Com 1,90m começou jogando basquete, convidado pelo técnico Luiz Alberto de Oliveira que o chamou após vê-lo jogando futebol no Centro Educacional do Sesi. Foi convencido por ele também que seu futuro estava no atletismo e passou a se dedicar ao esporte.

Quatro anos mais tarde o resultado da aposta deu resultado. Com apenas 15 anos, ganhava os 400 e os 800m no Brasileiro de Menores e no Sul-americano do Uruguai. A capacidade do jovem para o atletismo ficava mais evidente a cada prova vencida. Em 1978 ganhou o ouro nos 1.500m do Mundial de Menores. No ano seguinte ficou no lugar mais alto do pódio após vencer o Sul-americano da Bolívia e o Mundial Juvenil em Turim. Em 80 foi campeão no Mundial de Menores no Canadá. Bateu o recorde mundial juvenil em 1981 fazendo 1m44s3 no Troféu Brasil de Atletismo.

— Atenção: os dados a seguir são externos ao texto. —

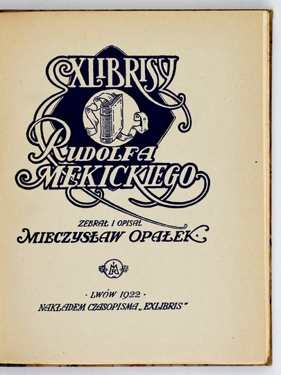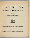 [MĘKICKI Rudolf]. Exlibrisy Rudolfa Mękickiego. Zebrał i opisał Mieczysław Opałek. 10 ryc. w tekście i XXXII tabl., z czego 23 z oryginalnemi exlibrisami. Lwów 1922. Nakł. czasopisma "Exlibris". 8, s. 18, tabl. 32. opr. oryg. kart. z zach. okł. brosz.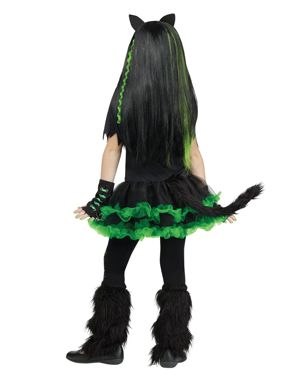 Das 5-teilige Katzen Kinderkostüm besteht aus einem schwarzen Minikleid mit vielen grün-weißen Kratzern von Katzenkrallen als Motiv und besitzt ein 3-lagigen Tüllrock mit jeweils neongrünen Abschluss. Auf der Rückseite des fantastisch aussehenden Katzenkostüms befindet sich ein schwarzer Katzenschwanz, während die Schultern zusätzlich mit Kunstfell ausgestattet sind. Die im Lieferumfang enthaltenen schwarze Leggings, zeigen ebenfalls grün-weiße Kratzer, während die fingerlosen Handschuhe mit einem grünen Band verziert sind. Den Abschluss bilden das Haarband mit Katzenohren und die Stiefelstulpen aus Kunstfell. Mit der Schminkfarbe „Pastellkatze“, der Halloween Kinderperücke grün und einer Katzen Nase kannst du das Kostüm noch perfektionieren.

Inseparável do técnico foi para os Estados Unidos em setembro do mesmo ano, acompanhando Luiz Alberto em um convite da Universidade Brigham Young. Mesmo com dificuldade para se adaptar ao país e a língua, conseguiu entrar e ser aprovado nos cursos de Educação Física e Biologia, ao mesmo tempo que usufruía do centro de treinamento do campus e se desenvolvia como atleta.

O resultado viria três anos depois. Classificou-se para a Olimpíada de Los Angeles ainda como um desconhecido que competiria em duas provas: 800m e 1.500m. Chegou a competição tendo como resultado mais significativo na carreira uma medalha de bronze nos 800m obtida no Mundial de Atletismo de Helsinque, disputado em 1983. Na primeira prova teve pela frente nomes como o recordista mundial de então, o inglês Sebastian Coe e seu compatriota e vencedor dos últimos jogos, Steve Ovett. Acabou superando-os com o tempo de 1m43, batendo o recorde olímpico.

Não competiu nos 1.500m devido a uma gripe. Mas não ficaria sem uma medalha importante nessa prova. Três anos depois venceria nos Jogos Pan-americanos de Indianápolis, com o tempo de 3min47.

Um ano depois voltaria aos jogos Olímpicos, desde vez realizados em Seul. Liderou grande parte da prova decisiva, mas acabou superado pelo queniano Paul Ereng, ficando com a medalha de prata nos 800m rasos.

A partir daí viveu uma constante guerra contra as contusões. Desde 1982 quando teve problema no talo ravicular do pé direito Cruz sofria com elas, fazendo diversas cirurgias. Já havia perdido a temporada de 1986 e logo após a Olimpíada ficou sem competir em 89 e 91.

O maior problema devido as lesões foi em 1992, quando um machucado no tendão de aquiles do pé direito o deixou de fora da Olimpíada de Barcelona, mesmo após um intenso treinamento visando a recuperação.

Sua última grande vitória em competição foi no Pan-americano de Mar del Plata, onde decidiu participar da prova de 1.500m rasos. Superando os problemas físicos, acabou dominando a prova, cruzou a linha de chegada com o tempo de 3min40s26, deixando para trás o norte-americano Terrance Herrington. De quebra marcou um novo recorde na competição.

Participou ainda dos jogos Olímpicos de Atlanta, em 1996, quando foi escolhido com porta-bandeira da delegação brasileira na cerimônia de abertura. Acabou não conseguindo se classificar para as semifinais dos 1.500m e decidiu encerrar sua carreira aos 32 anos. Sua despedida foi no Troféu Brasil de 97, onde participou simbolicamente do aquecimento devido a uma contusão na panturrilha esquerda.

Se tornou treinador de atletismo nos Estados Unidos, local onde continuou morando. Foi treinador da equipe americana no Parapan-Americano de 2007 no Rio de Janeiro e nos Jogos Paraolímpicos de 2008 em Pequim. Dedica-se também a incentivar o esporte em sua cidade natal ajudando crianças carentes a praticar o esporte.